We introduced algorithms that can be used in developing a decision support tool for diabetes care management in Iran. As the empirical model developed in this study takes into consideration a wider set of characteristics related to health state and lifestyle, it is suitable for preventive and health monitoring programs. The model could facilitate the identification of individuals at high risk of becoming diabetic using FBS, blood pressure, BMI, and weight change measurements. These characteristics are not considered in real life practice for the diagnosis and prediction of diabetes.

This study had some limitations.

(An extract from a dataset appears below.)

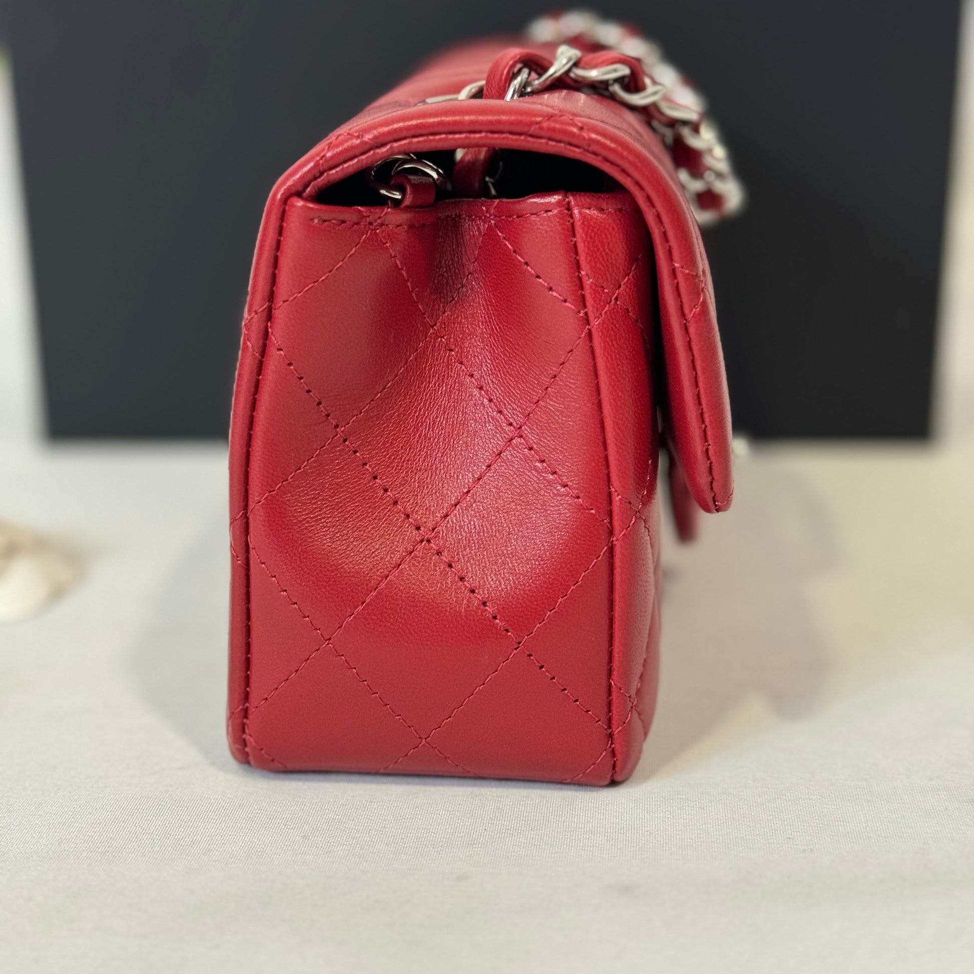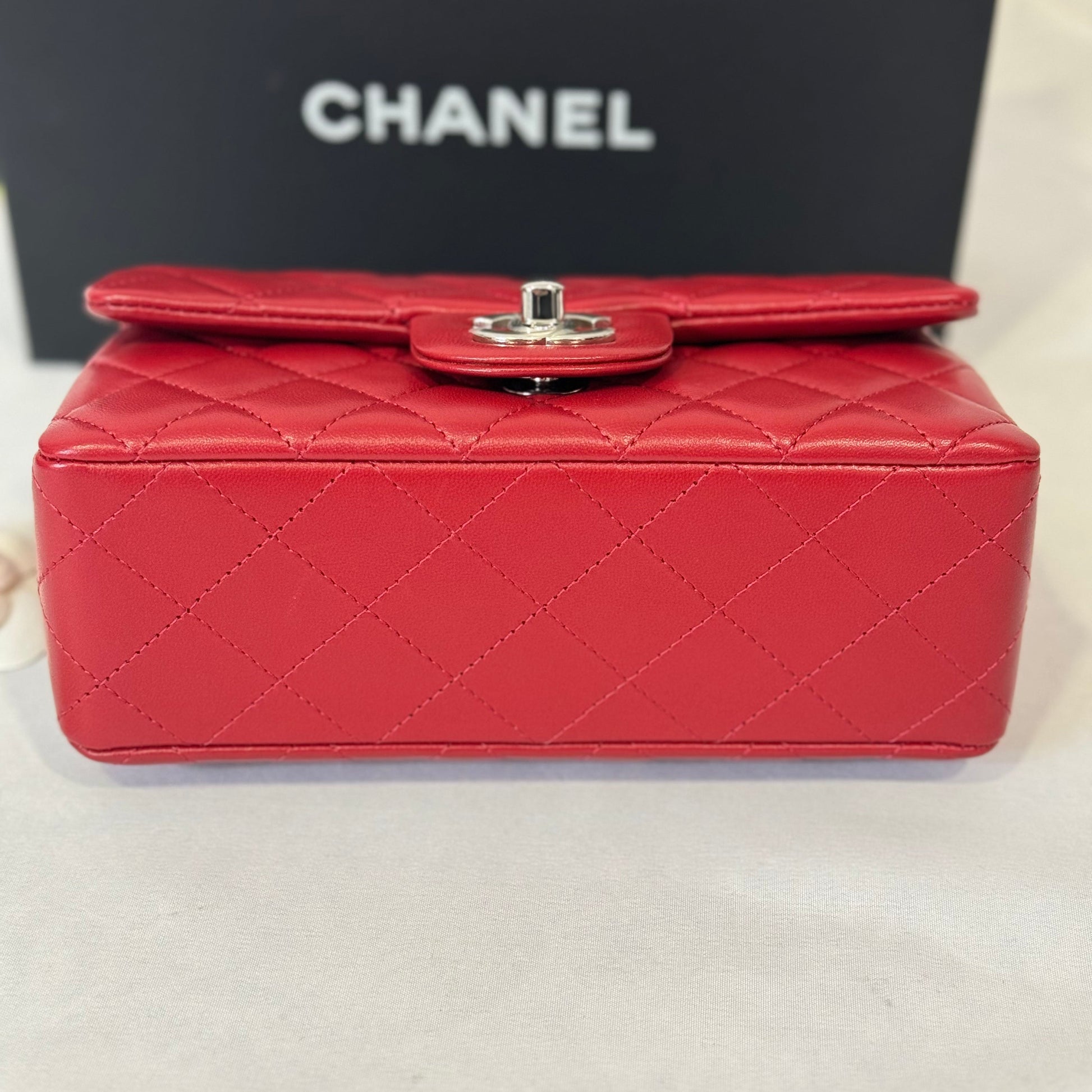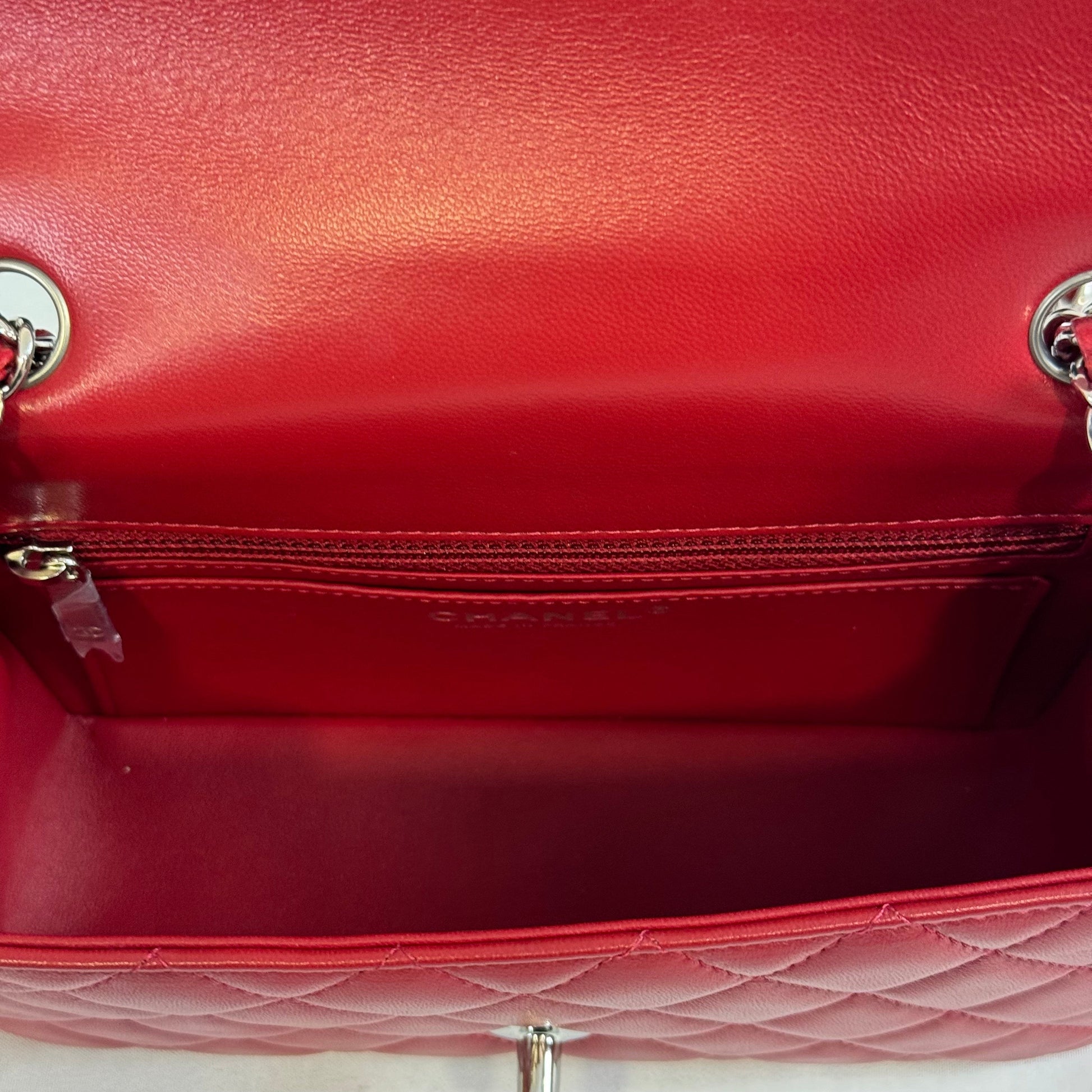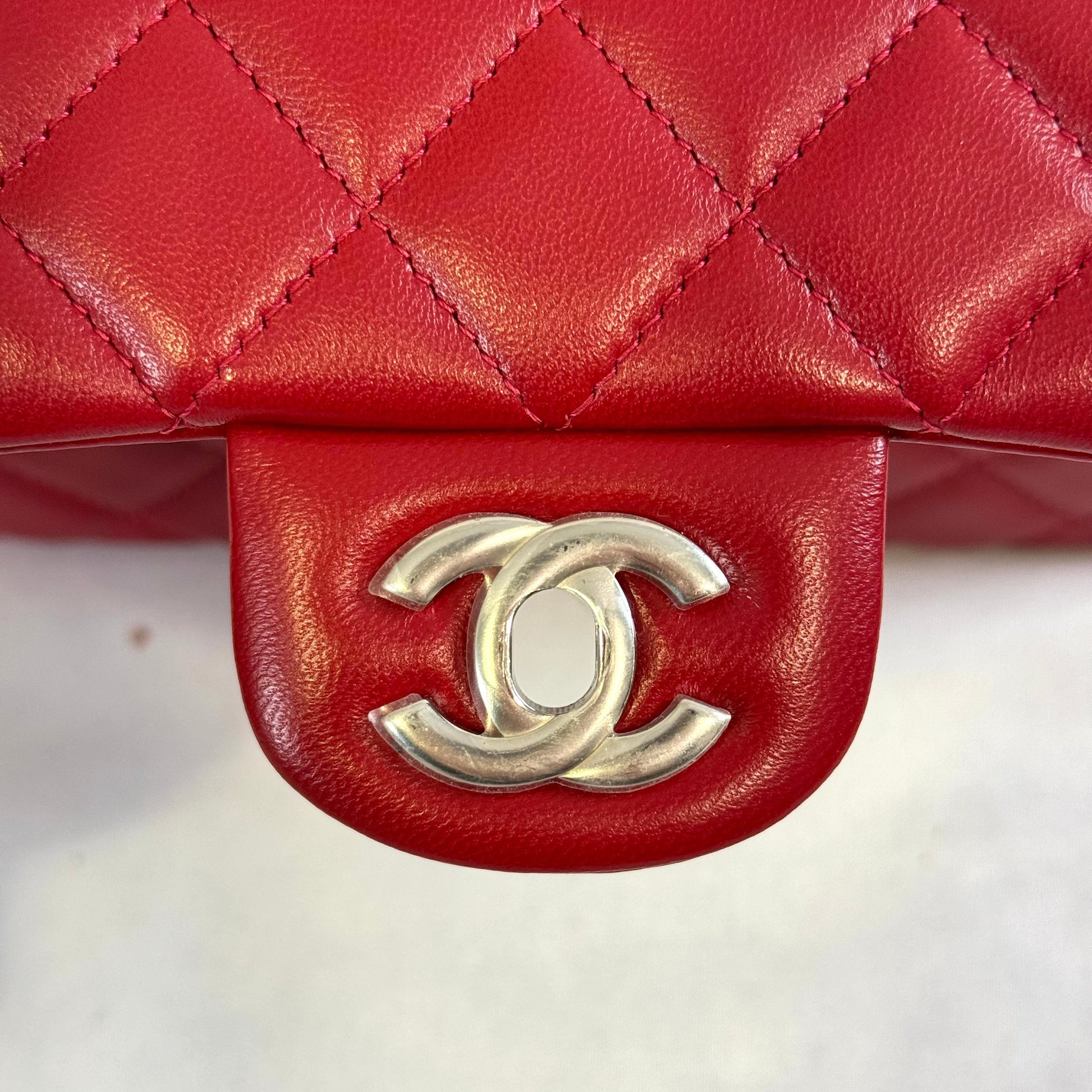 L’intemporel de la maison Chanel, le Timeless dans sa teinte rouge avec accastillages argentés, l’accessoire parfait à avoir dans son dressing.

The memetic algorithms in comparison require longer training time and more powerful processors than logistic regression models. Also, the quality of data limited the research quality somewhat.

The models developed in this study could certainly be improved. The accuracy of the memetic algorithm model could be improved by new data and training. The use of these models by other researchers may improve the reliability of models and thus help save resources.

In this study memetic algorithms were applied to update weights and improve the prediction accuracy of neural network models for diabetes prediction. Our preliminary analysis using parameters obtained by trial and error and from previous studies found that the prediction accuracy of neural networks was 88%. The use of the memetic algorithm improved this accuracy to 93.2%. Among the generic algorithm, memetic algorithm, and logistic regression models, the memetic algorithm model showed the highest prediction accuracy. For the memetic algorithm model the sensitivity, specificity, PPV, NPV, and ROC values were 96.2, 95.3, 93.8, 92.4, and 0.958, respectively, which makes it the most accurate model. Our study confirmed previous findings with regard to the low comparative accuracy of prediction by regression models. This paper also presented a prediction model which might be helpful in the development of computer-based decision support for real life diabetes care practices.